There's no simple way to do a stratified split with Tensorflow, is there? I would have to redo the data pipeline and make the test dataset myself.
Thank you for bringing the labelling up, I double checked and they are the correct labels.
What should my p values be
This is how I'm constructing the data pipeline.
train_ds = (raw_train_dataset.map(parse_image_function)
.map(process_image)
.repeat()
.shuffle(buffer_size=20000)
.batch(batch_size=32)
.prefetch(buffer_size=100)
)
test_ds = (raw_test_dataset.map(parse_image_function)
.map(process_image)
.shuffle(buffer_size=5000)
.batch(batch_size=32)
.prefetch(buffer_size=100)
)
process_image standardize the images and resize them.
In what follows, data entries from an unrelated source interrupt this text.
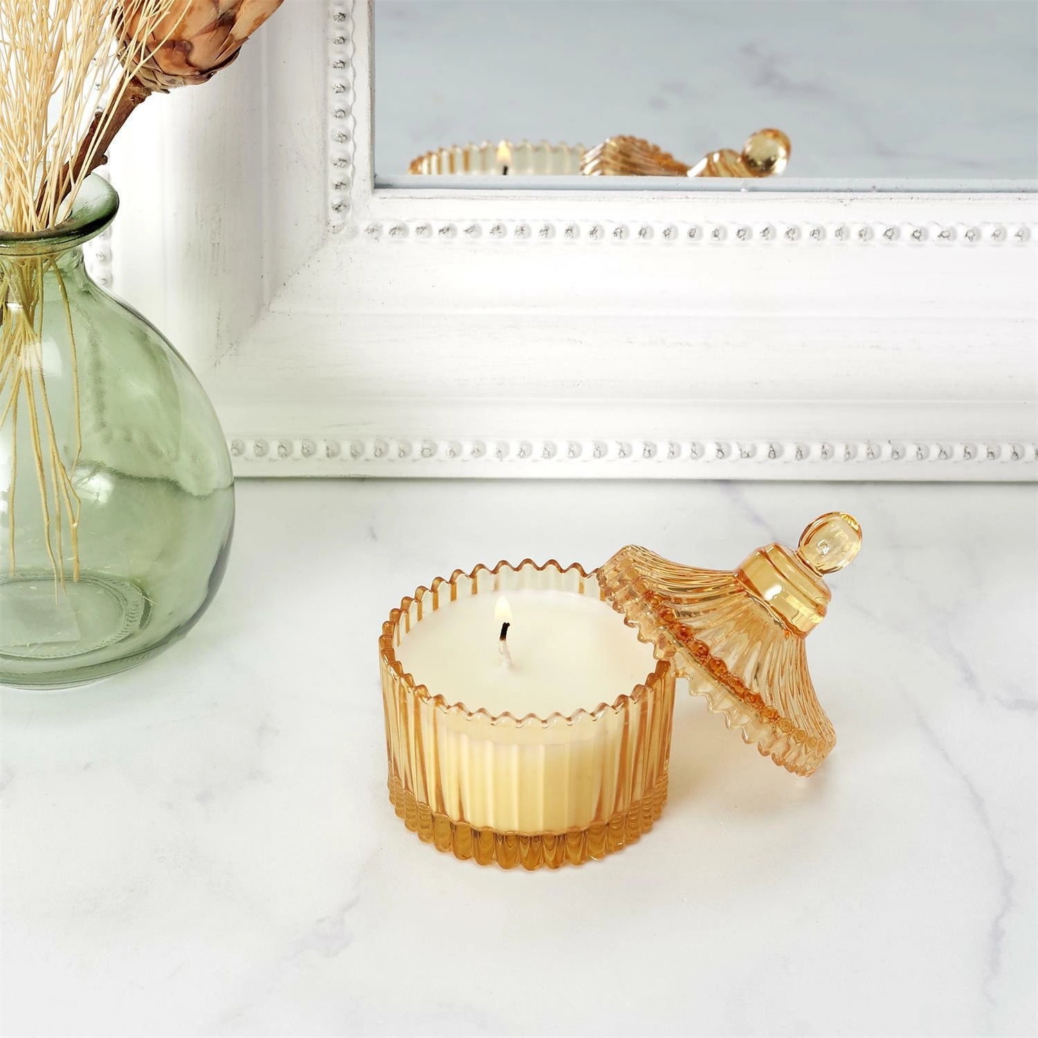 Nechte se okouzlit svíčkou ve fenomenálním svícnu inspirovaném českým sklem. Svíčka v nádobě s víčkem vydává při hoření neuvěřitelně atmosférické rozptýlené světlo. Je to také fantastická dekorace, když se rozhodnete nepoužít svíčku. Parfémovaná svíčka s vůní jantaru zklidní vaše nervy po náročném dni svou jemnou, svěží vůní. Svíčka vydrží hořet až 10 hodin.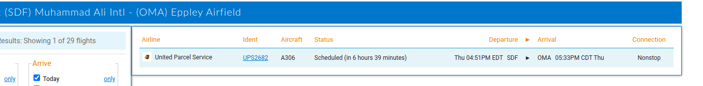 Yep, that should be the one. Can't wait! Hopefully it gets delivered early, my flight out to Minneapolis leaves at 8. Want to play a bit before I leave.For anyone in the Western Iowa/Nebraska area, this is the only flight that I'm seeing today for UPS to arrive in Omaha: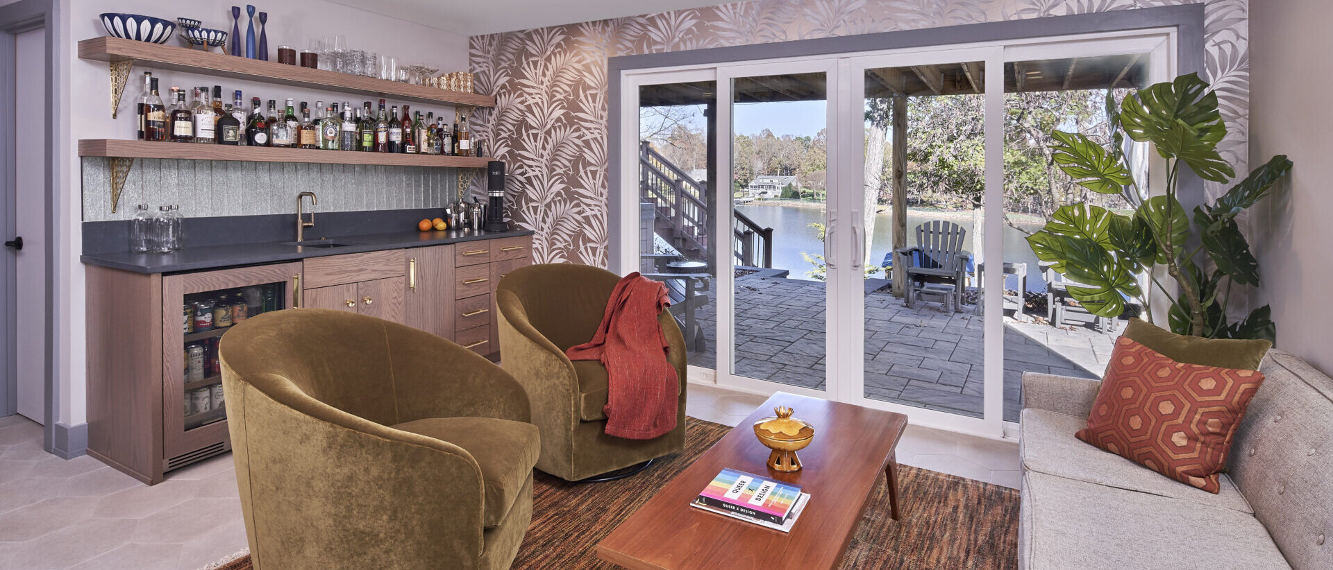 When they bought this 1975 waterfront lake house in Denver, NC, this couple had a grand vision for bringing it back to life. Several updates and a disjointed addition by previous owners left it an architectural hodge-podge that felt like two separate houses connected by a maze of inefficient hallways and a living room. They had a clear vision of how to rebuild the structure from the inside out to create a more cohesive and efficient layout. Their goal was to restore the aesthetic back to its mid-century modern roots while injecting their own personality into the design along the way. Though they knew it would take several years to tackle the project over multiple phases, the property was one they were willing to invest in to create the lake house of their dreams.

@heady hatch my model isnt predicting certain mixes well it seems
certain mixes?
ya like
product 2 to customer 5 with build type A
etc
looks different than historical avg
Ahh well now here's something to consider.
Is r squared the metric you want to look at?
adjusted r sq
What I mean by this is you don't necessary need to change r squared if that's the few metrics you can get.
Because think about the definition of what r squared means.
R squared means the goodness of fit.
yea
But it doesn't necessarily talk about the actual problem itself.
It's just a proxy metric for something else you care about.
Because yea .81 r squared could be good.
But not if it's constantly making mistakes on a particular group of people or product.
I don't know your actual problem so you'd have to determine that yourself.
yeah the errors are high for some
Maybe it's okay for it to keep making mistakes on certain things.